It’s nearly time to train our model, but first we need to split out labelled data into training and test sets so we can see how well our model performs on data it hasn’t seen before. sci-kit learn has a function that does this for us:

from sklearn.cross_validation import train_test_split
train_data,test_data = train_test_split(featuresets, test_size=0.20, train_size=0.80)
 
>>> len(train_data)
9480
 
>>> len(test_data)
2370

Now let’s train our model. I decided to try out Naive Bayes and Decision tree models to see how they got on:

>>> classifier = nltk.NaiveBayesClassifier.train(train_data)
>>> print nltk.classify.accuracy(classifier, test_data)
0.977215189873
 
>>> classifier = nltk.DecisionTreeClassifier.train(train_data)
>>> print nltk.classify.accuracy(classifier, test_data)
0.997046413502

It looks like both are doing a good job here with the decision tree doing slightly better. One thing to keep in mind is that most of the sentences we’ve trained at in the form ‘:‘ and we can get those correct with a simple regex so we should expect the accuracy to be very high.

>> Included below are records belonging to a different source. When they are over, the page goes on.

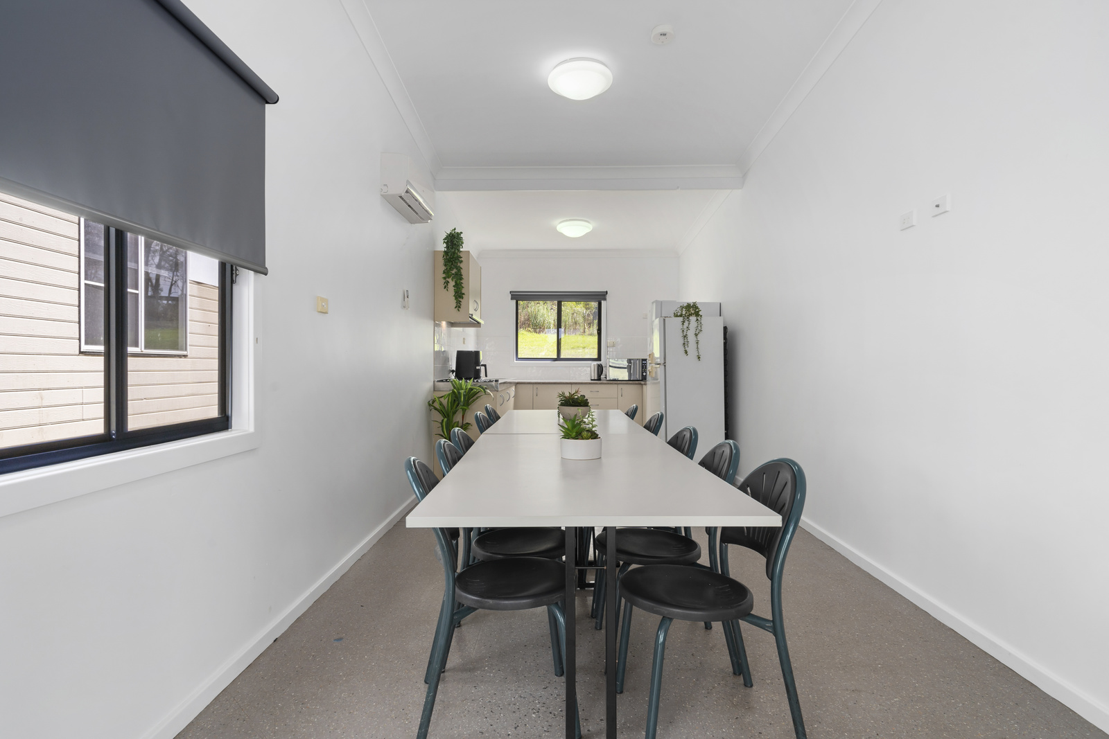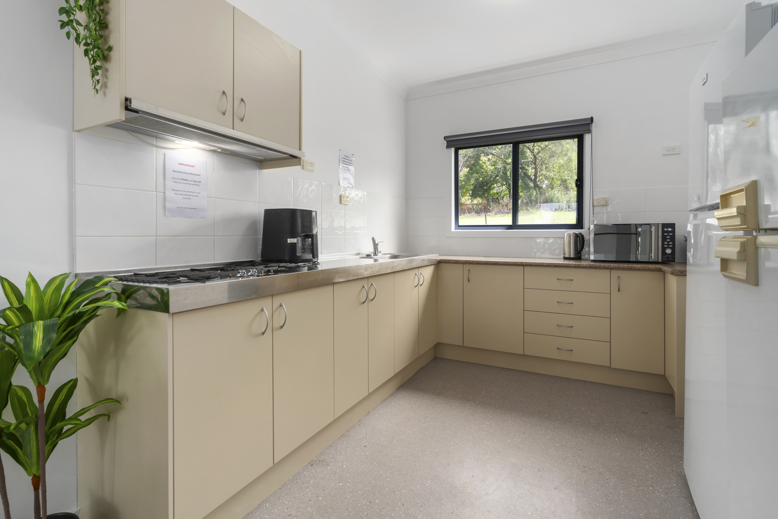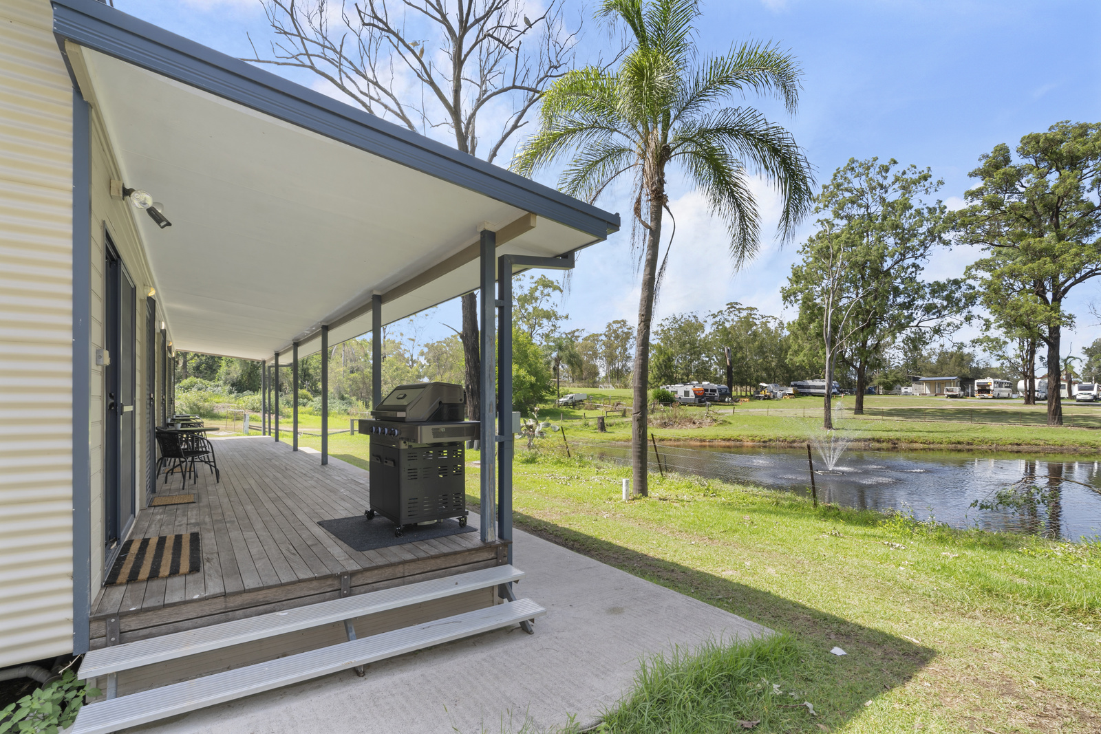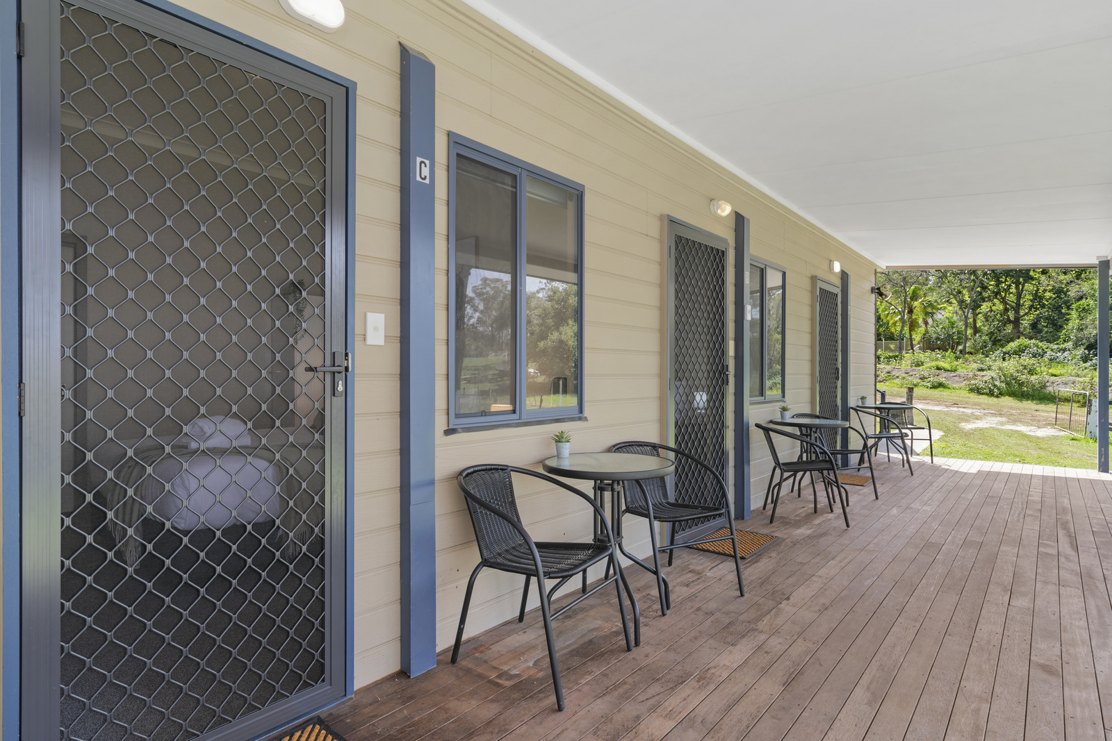 Stay in motel-style accommodation in the quiet far end of the park with a lake view. Our Family Motel Room sleeps up to six guests, with a queen bed in the main bedroom and two bunks in the second bedroom, as well as a bathroom and a shared deck area, with access to an external communal kitchen.
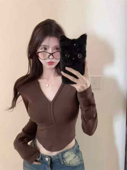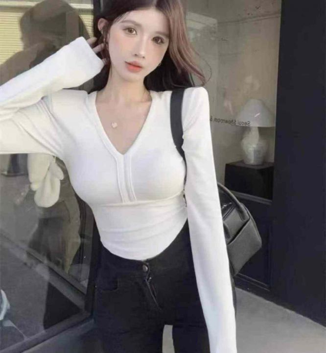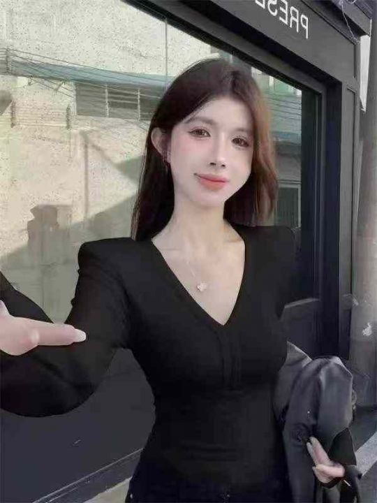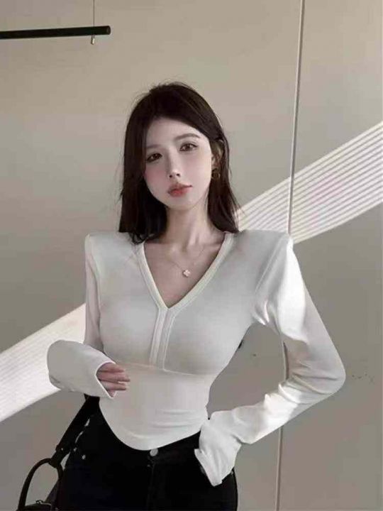 春季新款纯欲辣妹性感v领鱼骨垫肩长袖上衣,独立包装...
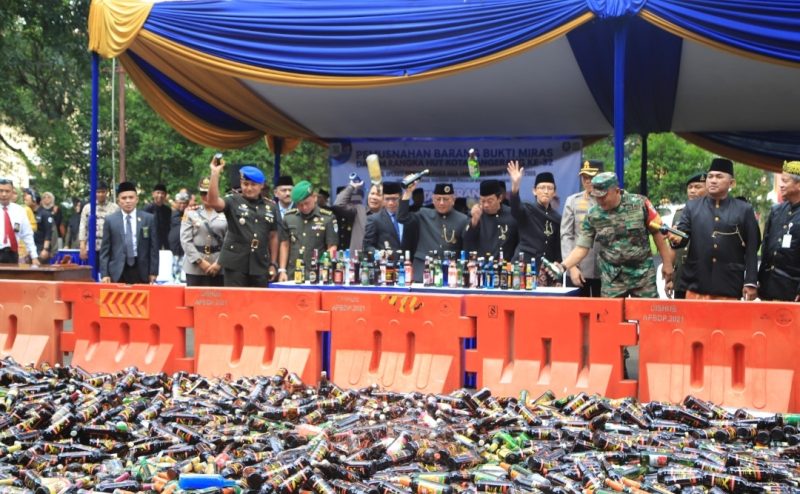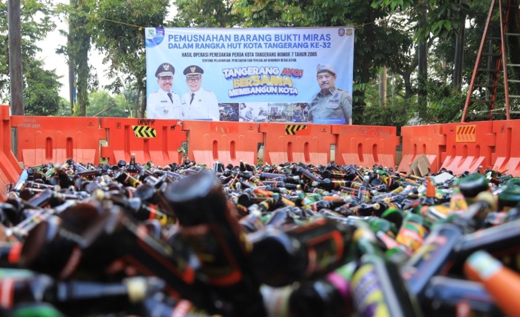 Semarak HUT Ke-32, Pemkot Tangerang Musnahkan Ribuan Botol Miras
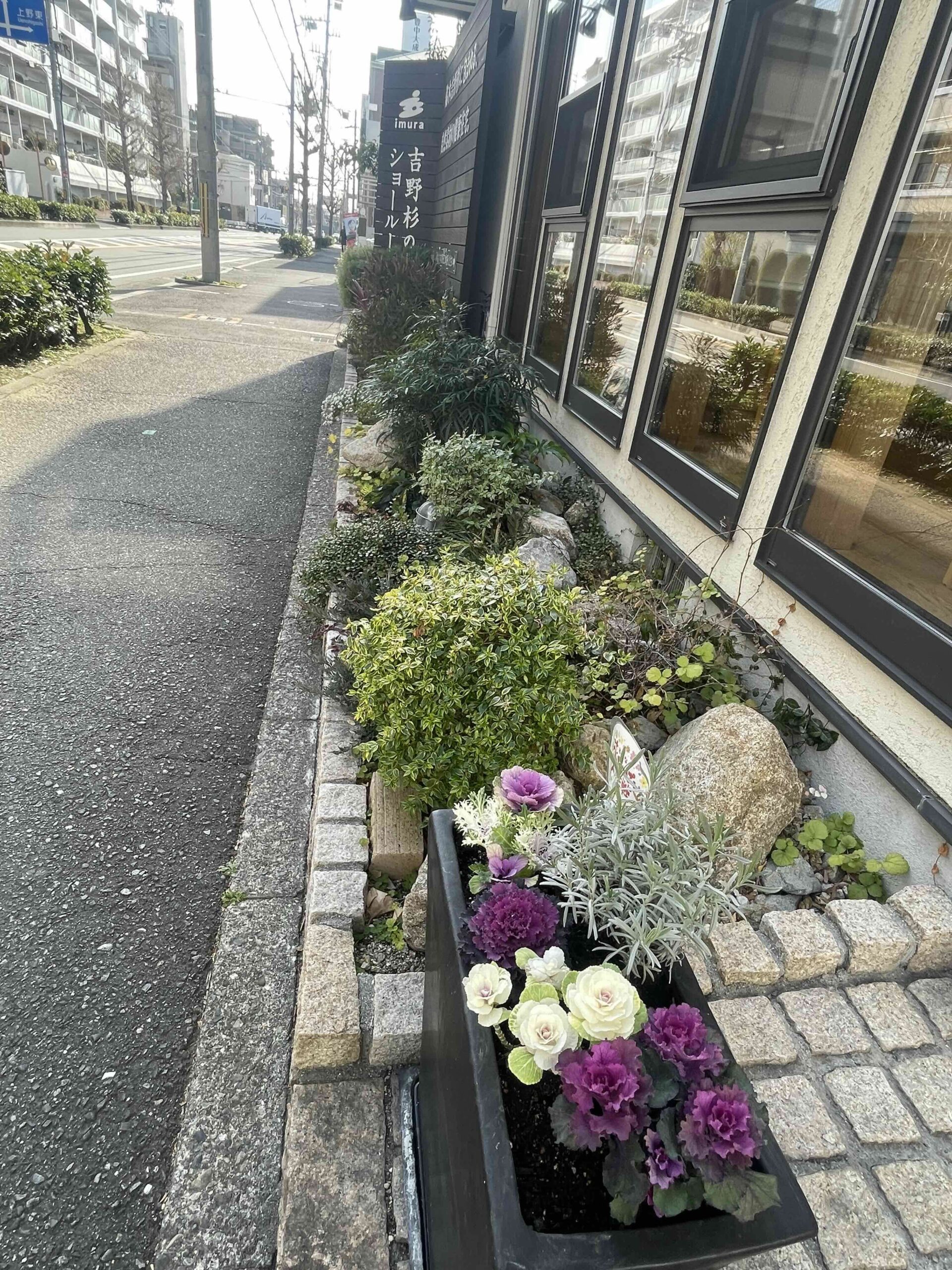 神崎刀根山線の道沿いの、東豊中町にある『木の家』株式会社イムラです。近所の方々がよく散歩道として利用される通り沿いの花壇で、緑とお花を育てています。季節ごとに変わるかわいいお花たちを楽しんでいただけたら嬉しいです。

If we explore the internals of the decision tree we’ll see that it’s massively overfitting which makes sense given our small training data set and the repetitiveness of the data:

>>> print(classifier.pseudocode(depth=2))
if next-word == u'!': return False
if next-word == u'$': return False
...
if next-word == u"'s": return False
if next-word == u"'ve": return False
if next-word == u'(':
  if word == u'!': return False
  ...
if next-word == u'*': return False
if next-word == u'*****': return False
if next-word == u',':
  if word == u"''": return False
  ...
if next-word == u'--': return False
if next-word == u'.': return False
if next-word == u'...':
  ...
  if word == u'who': return False
  if word == u'you': return False
if next-word == u'/i': return False
if next-word == u'1': return True
...
if next-word == u':':
  if prev-word == u"'s": return True
  if prev-word == u',': return False
  if prev-word == u'...': return False
  if prev-word == u'2030': return True
  if prev-word == '<START>': return True
  if prev-word == u'?': return False
...
if next-word == u'\u266a\u266a': return False

One update I may make to the features is to include the part of speech of the word rather than its actual value to see if that makes the model a bit more general. Another option is to train a bunch of decision trees against a subset of the data and build an ensemble/random forest of those trees.

Once I’ve got a working ‘speaker detector’ I want to then go and work out who the likely speaker is for the sentences which don’t contain a speaker. The plan is to calculate the word distributions of the speakers from sentences I do have and then calculate the probability that they spoke the unlabelled sentences.

This might not work perfectly as there could be new characters in those episodes but hopefully we can come up with something decent.

The full code for this example is on github if you want to have a play with it.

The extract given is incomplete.